If the dog could then use a series of barks and purrs to tell us what’s on his mind, then I’d agree. Productivity also requires the ability to combine the vocalizations it does know in new and unique ways, such as I am doing as I write this–I’d be willing to bet that this sentence I have written has never been written before.

If we can’t judge it, we can’t assume they can do it. I concede we also can’t rule it out, though.

Learning to recognize as few words or commands does not necessarily suggest real understanding of what is being said. I am reminded of a Far Side comic where a dog owner is scolding his dog and the dog hears, “Blah, blah, blah, Rex, blah, blah, blah, blah, blah, Rex.” Also, being unable to reproduce the learned words leaves a huge gap in the communicative process. As to the second part, there was an informal survey done recently by the Discovery Channel where people tried to identify the meaning of various cat meows, purrs, and growls. The average respondent only got about 25% right. People can learn to understand some of an individual animal’s sounds, but we have yet to pin down how to accurately understand what they’re all saying.

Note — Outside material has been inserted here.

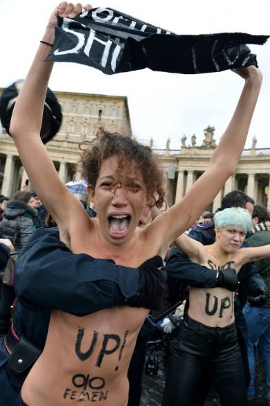 Ci sono poi donne che decidono di battersi con più impegno, con più ‘armi’, con più astio per i diritti che non sente di avere, e non avremmo nulla in contrario se queste battaglie fossero fatte nel rispetto di chi si ha di fronte. Sicuramente tutti avrete sentito del caso ‘Femen a San Pietro‘ per manifestare contro la decisione di Papa Francesco di partecipare al Parlamento Europeo di Strasburgo il 25 Novembre prossimo, un caso che sta facendo il giro del mondo, indignando i più per lo squallido spettacolo di cui si sono rese attrici le Ucraine Femen. Ma facciamo un passo indietro.
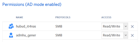 Hi, I created a share on an RN104 (latest firmware) that is set to AD authentication. Below are the settings. Share permissions: Settings -> Network Access Settings -> File Ac...

Said loneliness refers to the dog missing the human in that specific time and space. They aren’t capable of expressing lament in anticipation of the human leaving at a later date, nor of expressing the level of loneliness it felt a week earlier.

I’ll happily give you that one. :slight_smile:

The key is the distinction between what constitutes language and what is merely communication (I have never heard any other term for it, sypticus. Perhaps a true linguist out there knows a term I don’t?). The difficulty, I think, is in our choice of terms; I’m using the definitions of language and communication as they have been taught to me from a linguistic point of view.

Most animal communication exhibits some elements of language, as you have observed, but in order to be considered a true language, it must include all the elements, of which I only posted five from a list of 13. It’s the difference between me walking up to someone and punching him in the face and me walking up to that same person and telling him I hate him.

I do not dispute that dogs, among other critters, can learn to understand some words, but until they can actually use them, invent new ones, and discuss with me whether or not that new word is useful, they haven’t mastered language.

[slight aside] One of my all-time favorite comics is a Bizarro from a few years ago which depicts a parrot speaking to its owner, saying, “I can’t shake the feeling that I don’t understand language as an abstract concept, but am merely repeating syllables as a trained response.” [/slight aside]

Excellent examples, hazel-rah. You’re clearly more of an expert than I.